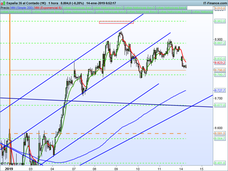 IBEX35,06:52:03.- Seguimos por encima del SOR 8796 a la hora de realizar el análisis. Es el primer muro de contención que nos vamos a encontrar a muy corto plazo. Si lo perdemos vamos a tener un recorrido probable hasta el refugio 8677 en donde tenemos confluencia de niveles.
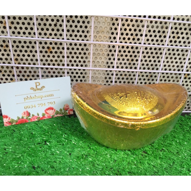 Nguyên phụ liệu cây kim tiền- đế thỏi vàng 12.5x5cmĐế nhựa xi vàng nguyên mẫu đusng chưng tết / hộp đựng/ đế cây tài lộc .....
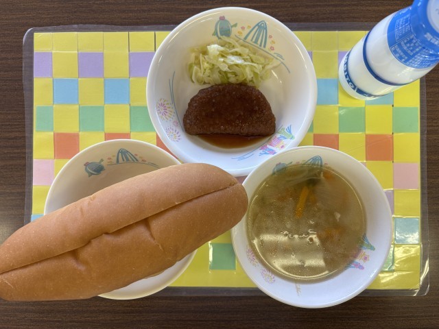 今日の献立は、サンドイッチロールパン、牛乳、ハムカツサンドの具(ソースハムカツ、キャベツのドレッシング和え)、コンソメスープでした。
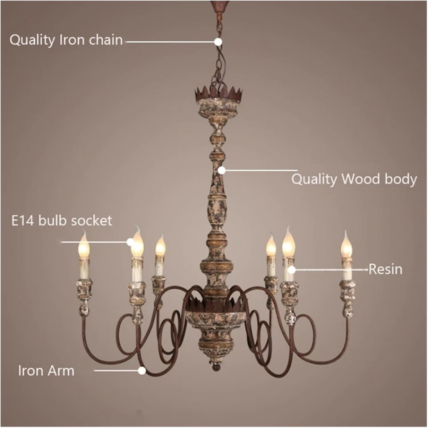 シャンデリア, アメリカの田舎のヴィンテージ木製シャンデリア照明器具カフェショップリビングルームダイニングルームペンダントランプキッ シャンデリアクリスタル照明 リビング照明 ダイニング 吹き抜け 店舗 クリア&白色 オシャレ。
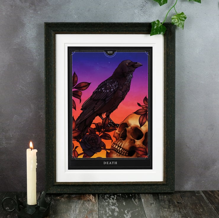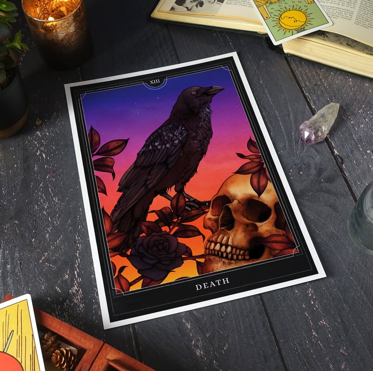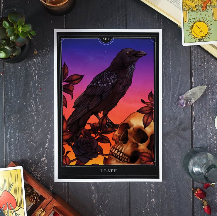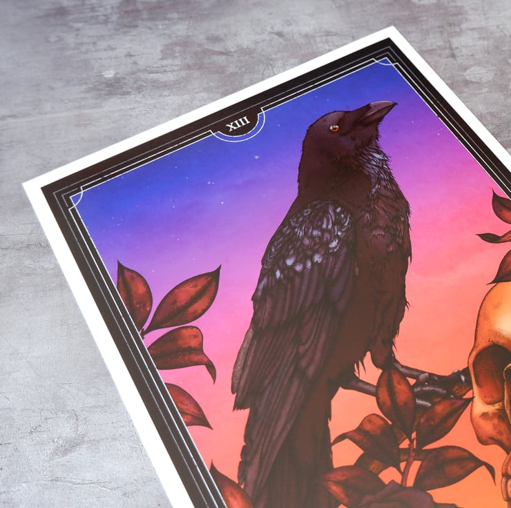 A beautiful tarot card giclée art print of ‘Death’, inspired by much of the occult symbolism present in traditional tarot card artwork. The illustration features a raven, skull and sunset and represents changes, endings and beginnings and the cyclical nature of life and death.
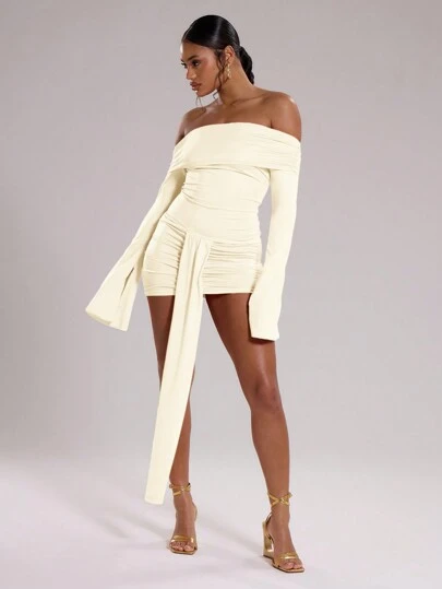 MUSERA 露肩褶皱垂褶迷你紧身连衣裙,春季优雅粉彩夏季伊比沙岛穿搭,假日海滩度假音乐会之夜生日派对约会派对休闲装扮 - 奶油色 - 查看 1
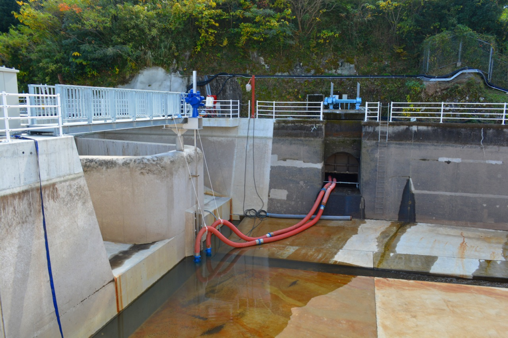大野川発電所を経由して流れてきた幹線は大野川右岸を通る第一幹線と大野川を水管橋を渡り大野川左岸を通る第二幹線に分かれます。
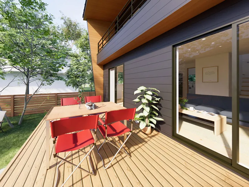 1階にテラスを設けることで、リビングから繋がる一体型の大空間を生み出すことができます。休日はご家族やご友人とBBQをしたり、お子様やペットの遊び場としたり、ハンモックでうたた寝なども実現可能です。ウッドデッキの素材はお好みに合わせ、本物の木の温もりを感じられる天然木や、木の風合いを残しながら耐久性にも優れた人工木などからお選びいただけます。

Assigned task: The response should consist of the lines above from the first through the one containing "大野川発電所を経由して流れて", transcribed exactly, with every picture left out.

Task answer:
 IBEX35,06:52:03.- Seguimos por encima del SOR 8796 a la hora de realizar el análisis. Es el primer muro de contención que nos vamos a encontrar a muy corto plazo. Si lo perdemos vamos a tener un recorrido probable hasta el refugio 8677 en donde tenemos confluencia de niveles.
 Nguyên phụ liệu cây kim tiền- đế thỏi vàng 12.5x5cmĐế nhựa xi vàng nguyên mẫu đusng chưng tết / hộp đựng/ đế cây tài lộc .....
 今日の献立は、サンドイッチロールパン、牛乳、ハムカツサンドの具(ソースハムカツ、キャベツのドレッシング和え)、コンソメスープでした。
 シャンデリア, アメリカの田舎のヴィンテージ木製シャンデリア照明器具カフェショップリビングルームダイニングルームペンダントランプキッ シャンデリアクリスタル照明 リビング照明 ダイニング 吹き抜け 店舗 クリア&白色 オシャレ。
 A beautiful tarot card giclée art print of ‘Death’, inspired by much of the occult symbolism present in traditional tarot card artwork. The illustration features a raven, skull and sunset and represents changes, endings and beginnings and the cyclical nature of life and death.
 MUSERA 露肩褶皱垂褶迷你紧身连衣裙,春季优雅粉彩夏季伊比沙岛穿搭,假日海滩度假音乐会之夜生日派对约会派对休闲装扮 - 奶油色 - 查看 1
大野川発電所を経由して流れてきた幹線は大野川右岸を通る第一幹線と大野川を水管橋を渡り大野川左岸を通る第二幹線に分かれます。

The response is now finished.